Dari semula Turn Key, menjadi sesuai progress dengan tujuan agar kapal belum selesai dikerjakan, pembayaran dapat dilakukan. Sehingga untuk 697 unit kapal yang belum selesai dikerjakan tetap dibayarkan sesuai nilai kontrak secara keseluruhan sebesar Rp193,797 miliar dan untuk sisa pekerjaan yang belum selesai dijamin dengan Garansi Bank.

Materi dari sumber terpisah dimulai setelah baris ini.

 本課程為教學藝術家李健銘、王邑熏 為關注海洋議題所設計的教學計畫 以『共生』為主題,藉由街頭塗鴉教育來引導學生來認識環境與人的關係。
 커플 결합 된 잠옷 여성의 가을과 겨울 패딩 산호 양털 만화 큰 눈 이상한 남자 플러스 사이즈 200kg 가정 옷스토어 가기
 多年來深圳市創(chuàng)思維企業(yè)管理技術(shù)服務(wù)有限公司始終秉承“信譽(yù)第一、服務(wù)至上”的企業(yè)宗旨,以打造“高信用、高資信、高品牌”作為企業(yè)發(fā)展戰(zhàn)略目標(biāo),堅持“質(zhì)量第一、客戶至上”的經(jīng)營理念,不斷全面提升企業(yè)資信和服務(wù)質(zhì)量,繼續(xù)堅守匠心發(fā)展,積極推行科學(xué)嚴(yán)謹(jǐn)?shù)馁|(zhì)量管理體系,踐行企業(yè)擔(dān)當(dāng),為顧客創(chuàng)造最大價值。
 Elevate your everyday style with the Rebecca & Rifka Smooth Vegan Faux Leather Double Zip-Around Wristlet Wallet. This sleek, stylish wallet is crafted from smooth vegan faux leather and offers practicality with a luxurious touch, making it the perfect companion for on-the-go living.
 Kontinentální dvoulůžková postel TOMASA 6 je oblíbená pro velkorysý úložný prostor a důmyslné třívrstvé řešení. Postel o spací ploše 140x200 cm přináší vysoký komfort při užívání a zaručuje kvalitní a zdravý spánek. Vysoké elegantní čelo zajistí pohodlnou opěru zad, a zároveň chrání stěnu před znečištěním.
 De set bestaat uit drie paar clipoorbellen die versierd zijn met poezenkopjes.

Mengamati periodesasi Kementerian Kelautan dan Perikanan (KKP) tahun 1999-2020 kasus tindak pidana korupsi kian terbuka, sederet fakta tersebut sampai hari ini belum selesai seperti pengadaan mesin kapal, pengadaan kapal perikanan, pengadaan alat tangkap, pengadaan Keramba Jaring Apung (KJA), kasus ekspor benih lobster, kasus pembangunan fasilitas riset piamari dan miamari serta lainnya.
Selain itu, Komisi Pemberantasan Korupsi (KPK) terus mendalami kasus suap izin ekspor lobster. Mestinya tidak berhenti proses hukum pada pelaku utama, namun harus buka peluang penetapan tersangka baru dari pihak swasta atau perusahaan-perusahaan yang mendapat kuota ekspor benih lobster.

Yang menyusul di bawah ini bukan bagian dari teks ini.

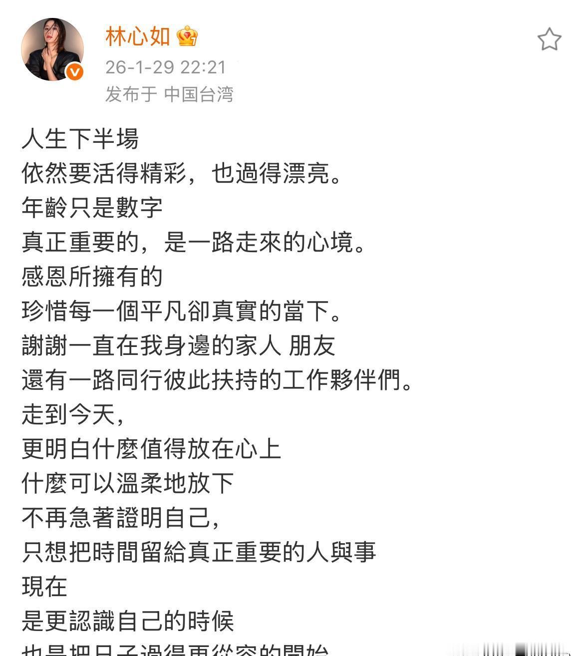 林心如快50岁的消息,像一枚炸弹,在闺蜜群里炸开。 她根本没把年龄这回事放在眼里。 转身就撕掉“甜心”标签,砸出一部《华灯初上》,把人性的幽暗与光亮,玩得明明白白。 再看她和霍建华,十年挚友变枕边人。 别人眼里是中年夫妻的平淡,他们对视的眼神里,却依然有火花在燃烧。 这才明白,女人真正的“防腐剂”,从来不是医美和玻尿酸,而是手里有牌,心里有爱,眼里有光。 所以你看,女人的巅峰,从来不是那个娇艳欲滴的18岁,而是她终于看懂世界,并决定自己书写规则的那一刻。

Masih daftar rentetan skandal dugaan impor garam 2017 – 2018 yang merugikan keuangan negara dan petambak garam. Dalam kasus lain, seperti Disclaimers laporan keuangan KKP tahun 2014-2019, belum ada peran maksimal Kejaksaan dan Komisi Pemberantasan Korupsi (KPK) untuk memeriksa siapapun yang terlibat di dalamnya terkait hasil audit Badan Pemeriksa Keuangan RI, dengan status disclaimer atau tidak menyatakan pendapat (disclaimer of opinion) setelah melalui proses audit yang ketat sehingga ada indikasi dan potensi kerugian negara sangat besar.
Sejumlah dugaan juga, bocornya uang negara, diantaranya izin lokasi AMDAL reklamasi Teluk Benoa, kerjasama Vessel Monitoring System (VMS) kerjasama Yayasan Leonardo D’caprio, penjualan dan bisnis kepiting ilegal, kerang ilegal, lobster ilegal hingga mackdown kapal nelayan yang banyak terjadi kasus skandal. Selain itu, ada juga impor ikan, anggaran bom kapal Ikan di Satgas 115, dan pengadaan alat tangkap nelayan “Gilnet tahun 2016 – 2019.
Beberapa fakta, Kejaksaan Tinggi (Kajati) Aceh memproses kasus Keramba Jaring Apung (KJA) Pangandaran, Sabang, Karimunjawa. Namun, dalam proses penegakan hukum ada unsur ketidakadilan yakni hanya Sabang yang ditindak dengan seluruh bukti yang sudah tersita dalam bentuk barang dan uang yang dikembalikan. Artinya, ketiga tempat proyek Keramba Jaring Apung (KJA) di Pangandaran, Sabang, Karimunjawa satu kesatuan tak bisa dipisahkan. Mestinya penegakan hukum harus berdimensi keadilan dan ditegakkan dalam satu kasus.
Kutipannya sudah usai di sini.